If you build on a flood plain (swamp) Don't be surprised when it eventually floods.


----------



## Sean Khan (Mar 27, 2020)

> If you build on a flood plain (swamp) Don't be surprised when it eventually floods.


Umm... you do know Karachi was built by the British? :nerd: But it's not totally their fault.. I'll explain why down below.

The part where I live never floods even if the rest of Karachi goes on to meet the Titanic.

Why? Because the area where I live was created as military housing.

Military people aren't Einsteins but they don't lack common sense either.

As for the extra rainfall... it's because we are planting trees all over the place.

10 Billion Tree Tsunami:






It obviously worked wonders and reversed the bad climate we were headed for.... increased rain it did and will increase it again every year until the useless provincial guv finally learns how not to drown itself.

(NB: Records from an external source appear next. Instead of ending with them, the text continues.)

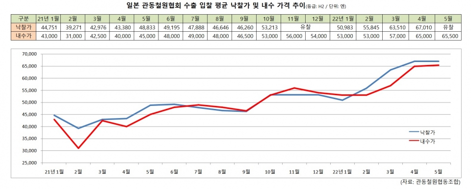 5월 일본 관동철원협회 철스크랩 수출 입찰이 결국 유찰됐다. 글로벌 철스크랩 가격이 연일 급락하는 가운데 일본 내수 가격은 견조해 무산된 것으로 풀이된다.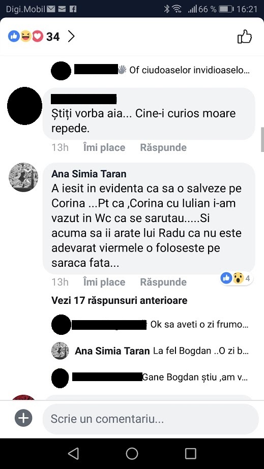 ”A ieşit în evidenţă (Iulian, n.r.) ca să o salveze pe Corina. Pentru ca (pe) Corina şi Iulian i-am văzut în WC că se sărutau… Şi acum, să îi arate lui Radu (iubitul Corinei, n.r.) că nu este adevărat, viermele o foloseşte pe săraca fată”, susţine Ana Simia.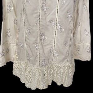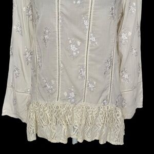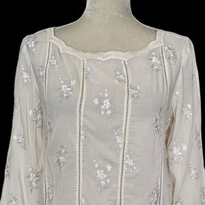 Sundance Lace Embroidered Eyelet Top Women’s Size XSP Ivory Long Sleeves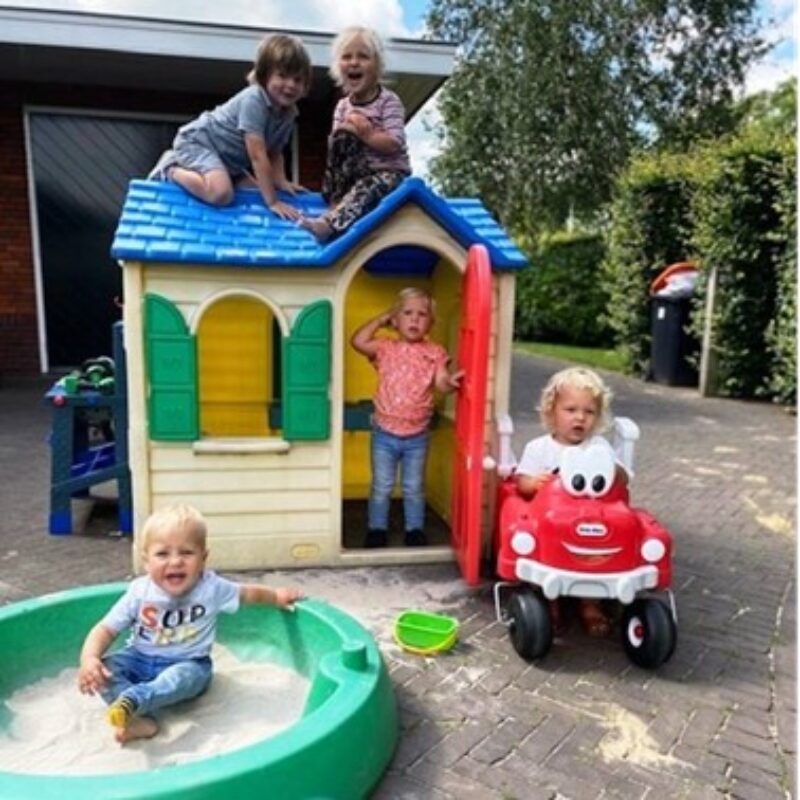 In onze ruime tuin staan diverse speeltoestellen, zodat de kinderen heerlijk buiten kunnen spelen. Samen genieten we van:
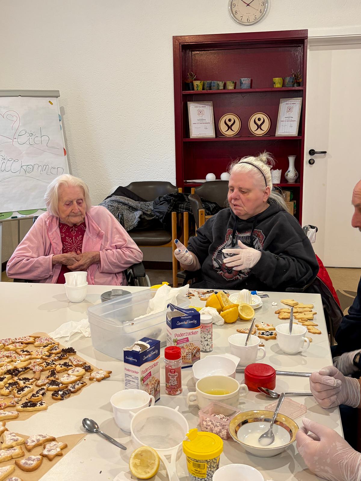 In der Weihnachtsbäckerei... Zwei Tage wurde bei uns in Dorfmark fleißig Plätzchen gebacken. Gerührt, gemixt. geknetet und natürlich durfte die Kreativität nicht fehlen. Unsere Bewohner hatten jede Menge Freude & Spaß. Zurück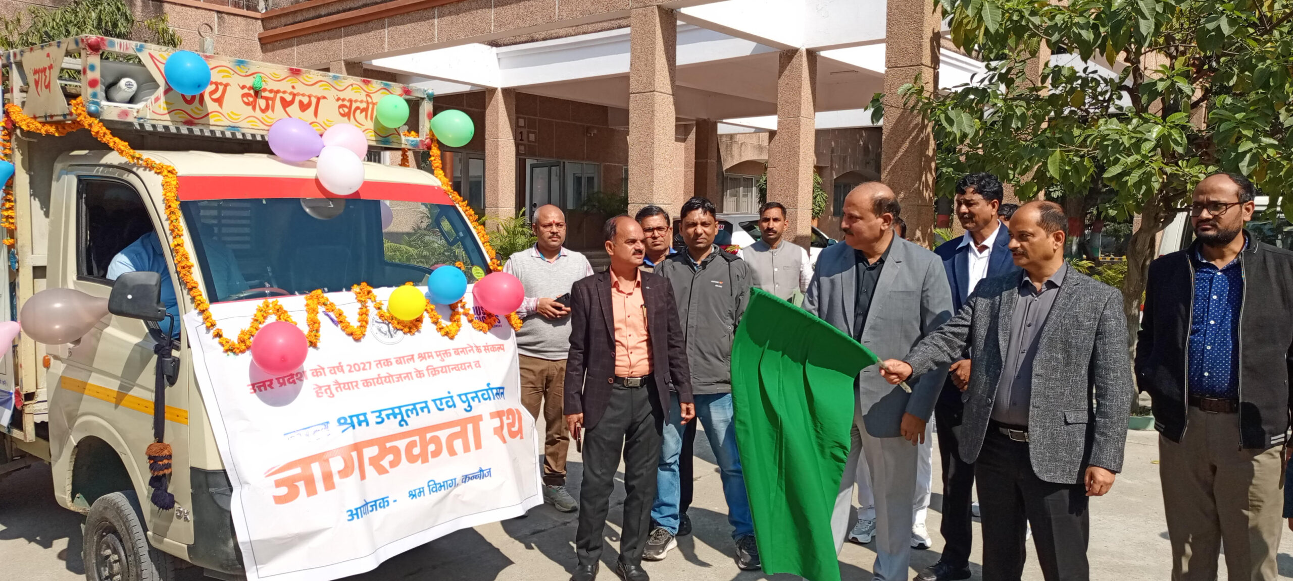 कन्नौज। जनपद को 2026 तक बाल श्रम मुक्त कराने के उद्देश्य से जिलाधिकारी ने कलेक्ट्रेट परिसर से बाल श्रम जनजागरण रथ यात्रा को हरी झंडी दिखाकर रवाना किया। इस अवसर पर जिलाधिकारी आशुतोष मोहन अग्निहोत्री ने कहा कि बाल श्रम समाप्त करने के लिए सभी बच्च्चों का स्कूल में ठहराव सुनिश्चित करना होगा। उन्होंने कहा कि जनपद को बाल श्रम मुक्त बनाने के रणनीति बनाकर कार्य करना होगा।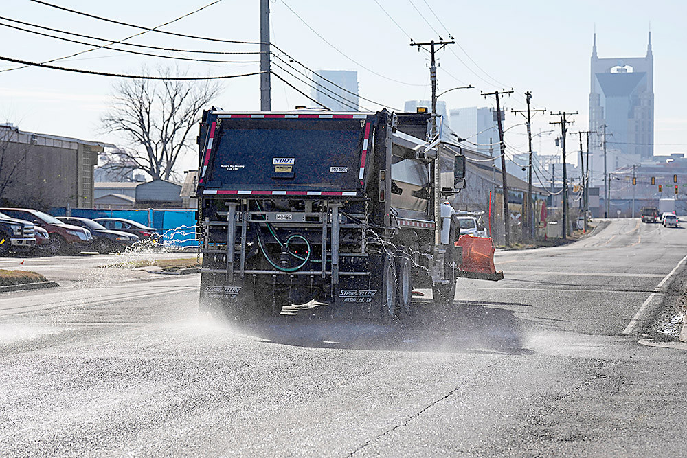 - A Nashville Department of Transportation truck applies salt brine to a roadway on Thursday in Nashville, Tenn., ahead of a winter storm expected to hit the state over the weekend. The Associated Press

I'd rather see trees everywhere. If that means running into a croc or two on my way .. so be it. I can take care of a croc in my sleep. :headbang:

*"They taught him to kill a man with a toothbrush. Which means he can take out a whole village with a toilet brush"... *Crocs? Bring them on!


----------



## SLINGDUDE (Aug 15, 2018)

ghost0311/8541 said:


> I don't know why y'all don't start eating them heck when I was hunting Gators I was eating one a week that's was back when I got out of the Marines and could not land a job so I live off the land


We definitely eat our fair share down here!


----------



## Tag (Jun 11, 2014)

I’ve never heard of a croc referred to as a snake with legs


----------



## Sean Khan (Mar 27, 2020)

Me neither.


----------



## SJAaz (Apr 30, 2019)

Sean Khan said:


> Karachi is the 3rd largest or 7th largest city on earth (depending on what source you quote).
> 
> This should not be happening.


So I take it that Pakistan law prohibits firearms. If that happened in the south here, That critter would end up on some ones dinner table. The rest of him would become boots and belts! LOL


----------



## Sean Khan (Mar 27, 2020)

> So I take it that Pakistan law prohibits firearms.


What??? Gawd no!

We just might have more guns than you do. :bouncy:













> That critter would end up on some ones dinner table


Muslims here, mate. We don't eat lizards, thanks. :rofl:


----------



## SLING-N-SHOT (Jun 5, 2018)

Sean Khan said:


> > So I take it that Pakistan law prohibits firearms.
> 
> 
> What??? Gawd no!
> ...


Someone needs to teach her the proper way to grip a handgun, cuz that def ain't it, lol

Sent from my iPhone using Tapatalk


----------



## Sean Khan (Mar 27, 2020)

> Someone needs to teach her the proper way to grip a handgun, cuz that def ain't it, lol


When I run into her, I'll let her know there is a guy out there who wants to "man-splain" guns to her. I am sure that will go down well. :violin:

In my experience even when they are wrong, they are right. I wouldn't....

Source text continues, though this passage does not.